Russia’s Vladimir Putin - wily old fox that he is - is playing a cunning game, offering a semblance of agreement to proposals then adding so many conditions that any accord becomes impossible to implement. While Trump congratulates himself on reaching a deal, he appears not to notice that the Kremlin keeps kicking his ball into the long grass.
 
First there was Ukraine’s 11 March agreement to a full 30-day ceasefire if Russia also accepted the terms. Such was Putin’s obfuscation that some media outlets initially reported that he had agreed, while others said he refused, and the whole idea seems now to have dropped off the discussion agenda.
 
Following the shuttle negotiations in Saudi Arabia earlier this week, both sides undertook to halt attacks on energy infrastructure and on maritime operations in the Black Sea. But interpretations of the agreements differed between the Russian, Ukrainian and US versions in several key elements. 
 
Russia claimed the ban on energy strikes began on 18 March and said it had recalled its warplanes, but then launched fresh attacks before the ink was even dry; it has struck Ukraine’s energy sites on eight separate occasions since. Its commitment to the Black Sea deal is also in doubt after it later imposed conditions relating to the lifting of sanctions on its agricultural exports before agreeing to implement it. 
 
It’s worth noting that both pledges made so far benefit Russia more than Ukraine. Kyiv has achieved notable success over the past year or so in pushing Russia out of the western part of the Black Sea to facilitate its own grain exports, and in targeting Russian oil refineries and military energy facilities in long-range attacks. Even if fully implemented, neither deal would affect the war on the front lines or diminish the relentless Russian attacks on Ukrainian cities and civilian infrastructure.
 
Putin is dragging his feet in the negotiations precisely because he has no desire to settle for peace just yet.

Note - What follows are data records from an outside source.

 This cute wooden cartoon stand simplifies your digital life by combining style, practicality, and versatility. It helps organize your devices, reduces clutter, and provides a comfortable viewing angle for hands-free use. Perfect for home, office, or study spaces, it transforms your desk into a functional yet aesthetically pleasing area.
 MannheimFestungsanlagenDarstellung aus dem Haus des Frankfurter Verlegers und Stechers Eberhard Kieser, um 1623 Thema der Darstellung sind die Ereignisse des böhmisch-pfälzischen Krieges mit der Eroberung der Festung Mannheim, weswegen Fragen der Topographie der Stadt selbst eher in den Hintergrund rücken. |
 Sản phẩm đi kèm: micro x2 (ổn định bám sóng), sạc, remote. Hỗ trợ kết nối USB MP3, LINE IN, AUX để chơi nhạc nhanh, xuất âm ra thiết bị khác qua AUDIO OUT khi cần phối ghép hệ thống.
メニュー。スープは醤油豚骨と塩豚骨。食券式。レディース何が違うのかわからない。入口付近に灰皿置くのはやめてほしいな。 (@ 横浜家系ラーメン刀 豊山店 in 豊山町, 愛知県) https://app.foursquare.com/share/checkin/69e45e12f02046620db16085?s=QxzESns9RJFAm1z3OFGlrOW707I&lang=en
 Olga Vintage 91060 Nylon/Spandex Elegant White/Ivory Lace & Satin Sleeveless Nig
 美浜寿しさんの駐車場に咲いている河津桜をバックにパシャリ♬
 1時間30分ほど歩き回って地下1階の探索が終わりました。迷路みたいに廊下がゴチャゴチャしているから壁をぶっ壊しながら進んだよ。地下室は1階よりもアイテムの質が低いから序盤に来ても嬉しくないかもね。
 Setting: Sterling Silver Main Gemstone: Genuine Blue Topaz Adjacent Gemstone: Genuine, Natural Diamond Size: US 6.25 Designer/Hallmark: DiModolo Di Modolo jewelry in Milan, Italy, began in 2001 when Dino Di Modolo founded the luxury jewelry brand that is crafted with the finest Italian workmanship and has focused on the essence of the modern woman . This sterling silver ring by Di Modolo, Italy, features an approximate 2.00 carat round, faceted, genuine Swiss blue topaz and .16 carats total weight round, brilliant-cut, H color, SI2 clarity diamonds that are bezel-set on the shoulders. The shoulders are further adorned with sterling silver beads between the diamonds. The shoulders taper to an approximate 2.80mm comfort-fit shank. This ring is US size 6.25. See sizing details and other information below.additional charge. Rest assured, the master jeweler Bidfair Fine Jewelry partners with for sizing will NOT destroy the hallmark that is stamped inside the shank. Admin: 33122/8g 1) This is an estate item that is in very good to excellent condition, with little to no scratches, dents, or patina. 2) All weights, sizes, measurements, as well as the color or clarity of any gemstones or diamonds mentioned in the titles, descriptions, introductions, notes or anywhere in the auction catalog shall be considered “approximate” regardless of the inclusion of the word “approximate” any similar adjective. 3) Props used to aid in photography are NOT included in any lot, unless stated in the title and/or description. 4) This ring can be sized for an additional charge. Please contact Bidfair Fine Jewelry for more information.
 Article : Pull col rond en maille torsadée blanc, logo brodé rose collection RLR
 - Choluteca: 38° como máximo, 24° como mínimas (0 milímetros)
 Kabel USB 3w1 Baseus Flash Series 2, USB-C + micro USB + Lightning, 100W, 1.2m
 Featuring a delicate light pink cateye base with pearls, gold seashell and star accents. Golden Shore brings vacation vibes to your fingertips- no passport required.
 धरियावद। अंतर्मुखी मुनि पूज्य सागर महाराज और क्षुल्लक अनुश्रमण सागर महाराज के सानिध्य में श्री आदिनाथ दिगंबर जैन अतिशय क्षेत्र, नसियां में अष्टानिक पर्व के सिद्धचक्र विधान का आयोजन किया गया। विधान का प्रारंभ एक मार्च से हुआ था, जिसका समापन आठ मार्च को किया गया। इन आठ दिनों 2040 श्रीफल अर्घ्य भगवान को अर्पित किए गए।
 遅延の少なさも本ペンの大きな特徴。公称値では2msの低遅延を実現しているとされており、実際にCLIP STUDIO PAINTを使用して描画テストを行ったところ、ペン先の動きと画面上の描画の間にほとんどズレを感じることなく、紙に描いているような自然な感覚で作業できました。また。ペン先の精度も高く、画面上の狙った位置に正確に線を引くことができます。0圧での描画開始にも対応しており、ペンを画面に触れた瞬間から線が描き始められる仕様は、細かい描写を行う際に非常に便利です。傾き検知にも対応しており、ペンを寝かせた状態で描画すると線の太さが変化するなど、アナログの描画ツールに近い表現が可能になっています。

What he really wants out of any potential peace deal is territory. The Kremlin is stepping up its efforts to consolidate control over the four Ukrainian regions it partially occupies - which amount to about a fifth of Ukraine’s territory. 
 
A decree that Putin signed on 20 March is the latest step in the Russification of the illegally occupied regions. The decree mandates that Ukrainian citizens “illegally” staying in Russia must obtain Russian documents or leave. In other words, Ukrainians who refuse to accept Russian passports and citizenship will be kicked out, or to put it another way, the regions will be ethnically cleansed. 
 
The issue of the occupied Ukrainian territory was something the Russians were keen to discuss with the US delegation in Saudi Arabia this week, as Steve Witkoff, Trump’s special envoy to the Middle East and chief Russia negotiator, unwittingly revealed in an interview with the far-right political commentator Tucker Carlson on 21 March.
 
“They’re Russian-speaking…There have been referendums where the overwhelming majority of people indicated they want to be under Russian rule,” Witkoff said, parroting Russian disinformation. Displaying a shocking ignorance for someone involved in such high-level negotiations, Witkoff was unable to name the four regions in question, referring to “these so-called four regions - Donbas, Crimea… and there’s two others”. He didn’t even get the first two right: the four regions that Russia illegally annexed in 2022 are Luhansk, Donetsk, Kherson and Zaporizhzhia.
 
Witkoff also muddled the concept of Russian-speaking Ukrainians with ethnic Russians, and made the assumption that those who speak Russian would ally themselves with Russia, which is far from the case. Equating Russian speakers with Russians who support the war, and using language as a motivation for the war, is an oft repeated chapter in the Russian playbook. My own Ukrainian relatives are Russian speakers; they most definitely are not Russian sympathisers.
 
The referendums that Witkoff referred to, held in September 2022, were a sham, secured by the Russian military amid widespread voter intimidation - often at gunpoint, and contravened both Ukrainian and Russian law. Freedom of speech and assembly were denied, no procedures were in place to guarantee the safety and confidentiality of voters. Many pro-Ukrainian voters were persecuted, some were even murdered. No independent observers were present and there were no systems to prevent voter fraud.
 
The BBC reported at the time that in some towns, Russian soldiers with guns stood with a ballot box in the main square to collect votes. Elsewhere, they went door to door. "You have to answer verbally, and the soldier marks the answer on the sheet and keeps it,” one woman recounted.
 
Voting was hastily organised in a matter of days and took place only in the parts of the four regions that were under Russian control - those living in areas of the four regions still held by Ukraine did not have a voice. In spite of this, the Kremlin claimed that the referendums gave Moscow the right to annex the four regions in their entirety. At that time, Russia occupied most of Luhansk and Kherson regions, but only around 60% of Donetsk, and in Zaporizhzhia it has never even controlled the state capital. The city of Kherson (capital of the region of the same name) was occupied by the Russians at the start of the full-scale invasion but liberated in November 2022, prompting thousands of residents to take to the streets in celebration.
 
Russia claimed that 99% of voters in Donetsk region were in favour of becoming part of Russia, 98% in Luhansk, 87% in Kherson and 93% in Zaporizhzhia. The results were recognised by only two countries - Russia and North Korea, neither of them known for being a beacon of democracy.
 
“Any annexation of a state's territory by another state resulting from the threat or use of force is a violation of the principles of the UN Charter and international law,” UN Secretary-General António Guterres said at the time. “The so-called referendums cannot be called a genuine expression of the popular will.”
 
Steve Witkoff, it would seem, disagrees.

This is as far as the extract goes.